Task instructions - Give back exactly the lines from the one holding "Visit Proof |" to the bottom of the material, both included, and nothing more. No pictures.

Exercise data -
··········
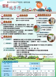 積極參與休閒活動對於老人身心有正面的效果,藉由辦理各項老人活動,增進長者生活品質,充實精神生活,以達長者身心健康。爰此,本所特於本(107)年4–5月在本區區公所多功能會議室舉辦本(107)年度三場次老人福利活動。 本(107)年度三場次老人福利活動之課程內容、時間為: 第一場次『製作環保水壺袋』,時間為4月13日(星期五)上午9時–11時30分。 第二場次『製作玫瑰風情創意捏塑』,時間為5月2日(星期三) 上午9時 –11時30分。 第三場次『製作環保實用袋』,時間為5月25日(星期五)上午9時–11時30分。
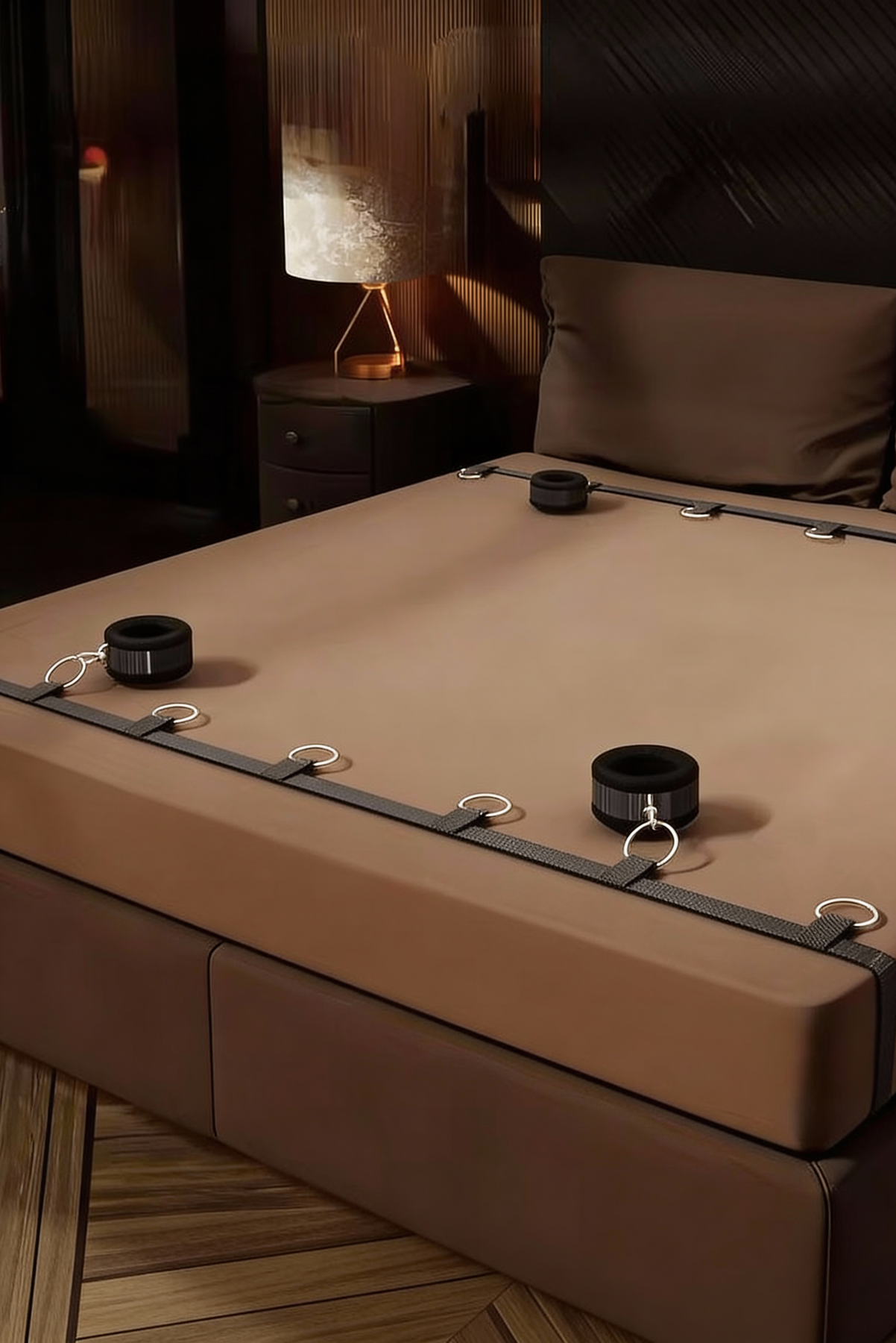 どんな寝室も贅沢で快適、そして抑制された期待感に満ちた空間へと変える、洗練された拘束システムの魅力をご体験ください。穴あけも面倒な作業も、恒久的な設置も不要。手軽に、そして多用途にお使いいただけます。
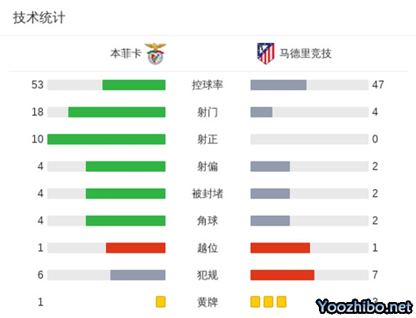 马竞0-4本菲卡 加拉格尔送点迪马利亚点射马竞0射正
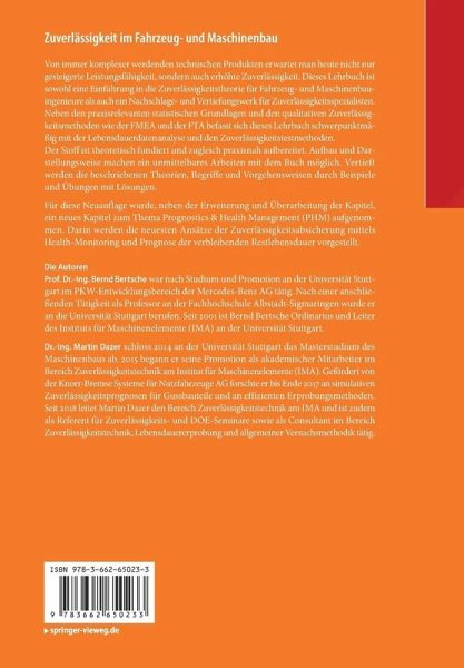 Von immer komplexer werdenden technischen Produkten erwartet man heute nicht nur gesteigerte Leistungsfähigkeit, sondern auch erhöhte Zuverlässigkeit. Dieses Lehrbuch ist sowohl eine Einführung in die Zuverlässigkeitstheorie für Fahrzeug- und Maschinenbauingenieure als auch ein Nachschlage- und Vertiefungswerk für Zuverlässigkeitsspezialisten. Neben den praxisrelevanten statistischen Grundlagen und den qualitativen Zuverlässigkeitsmethoden wie der FMEA und der FTA befasst sich dieses Lehrbuch schwerpunktmäßig mit der Lebensdauerdatenanalyse und den Zuverlässigkeitstestmethoden.
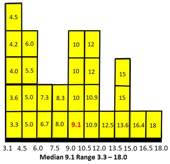 The median value (in red) is not in the centre of the numerical range and so the values were then plotted as percentages on a histogram to establish the pattern of results (Figure 6).
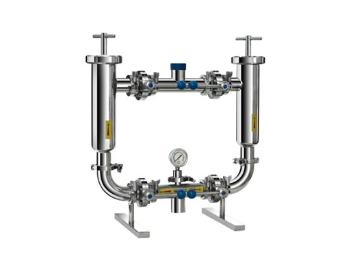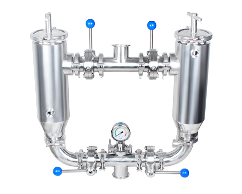 該雙聯(lián)過(guò)濾器適用于去除鮮奶、糖液、飲料等液體中各桶內(nèi)肉眼無(wú)法看見(jiàn)的固體物的凈化。兩只過(guò)濾器交替使用,可不停機(jī)更換或洗濾網(wǎng),適用于長(zhǎng)期連續(xù)生產(chǎn)。
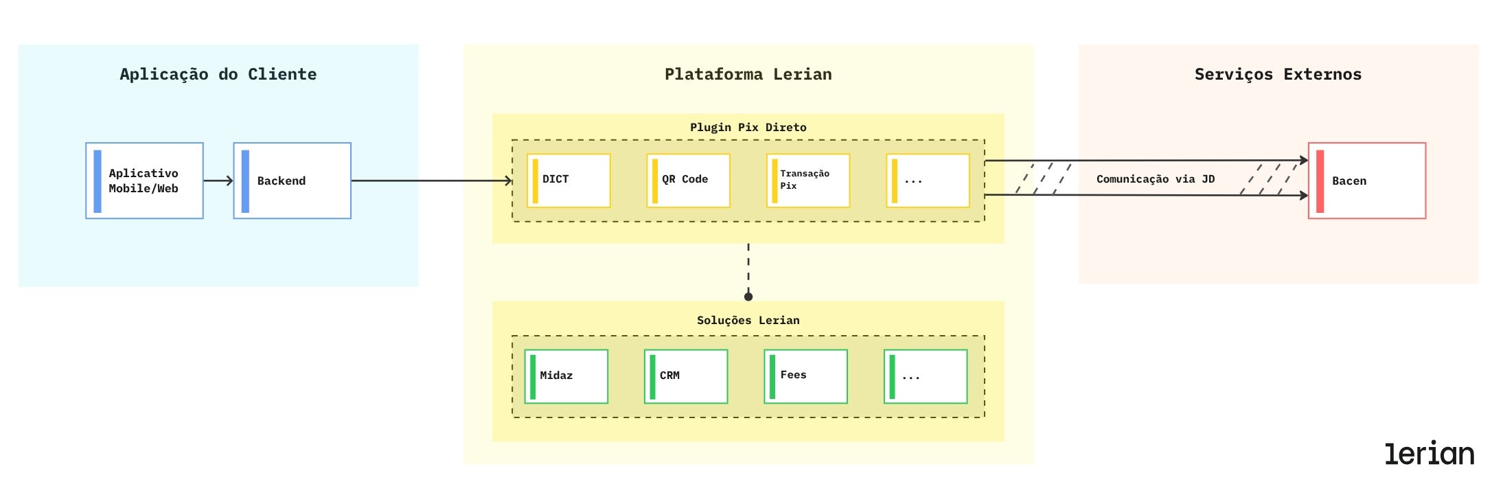 O Plugin Pix Direto fornece uma camada unificada de processamento que abstrai a complexidade da conectividade direta do Pix. Ele se integra nativamente com a JD (um PSTI), gerenciando todas as interações com SPI e DICT em nome da sua instituição. O plugin gerencia:
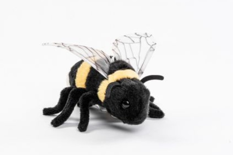 Plyschdjuret Humla, som har ett litet hängande snöre på ryggen, så att du kan få humlan att "flyga".
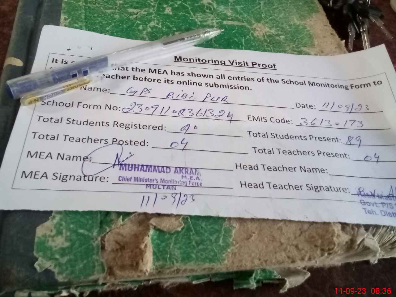 | Attendance Register | Head Teacher | MEA with School | Visit Proof |
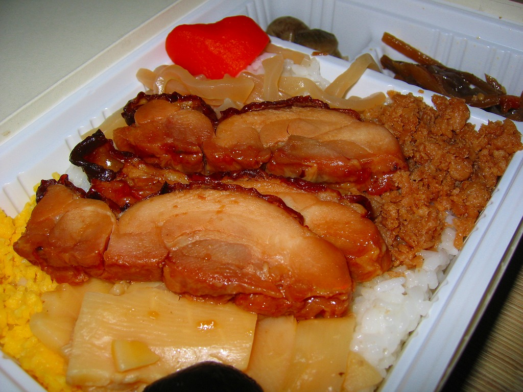 真っ黒な楕円形の容器に茶飯を敷き詰め、シャモ煮と玉子そぼろを敷き詰め、赤カブ漬などを添えるもの。シャモ肉は鶏肉より高級だという先入観をしても、「東京しゃも」の特徴なのか、醤油味がきついからか、水気が多く柔らかい中身に肉の旨味がなく、普通の鶏飯駅弁に対するアドバンテージが感じられなかった。
··········
Result of the task -
 | Attendance Register | Head Teacher | MEA with School | Visit Proof |
 真っ黒な楕円形の容器に茶飯を敷き詰め、シャモ煮と玉子そぼろを敷き詰め、赤カブ漬などを添えるもの。シャモ肉は鶏肉より高級だという先入観をしても、「東京しゃも」の特徴なのか、醤油味がきついからか、水気が多く柔らかい中身に肉の旨味がなく、普通の鶏飯駅弁に対するアドバンテージが感じられなかった。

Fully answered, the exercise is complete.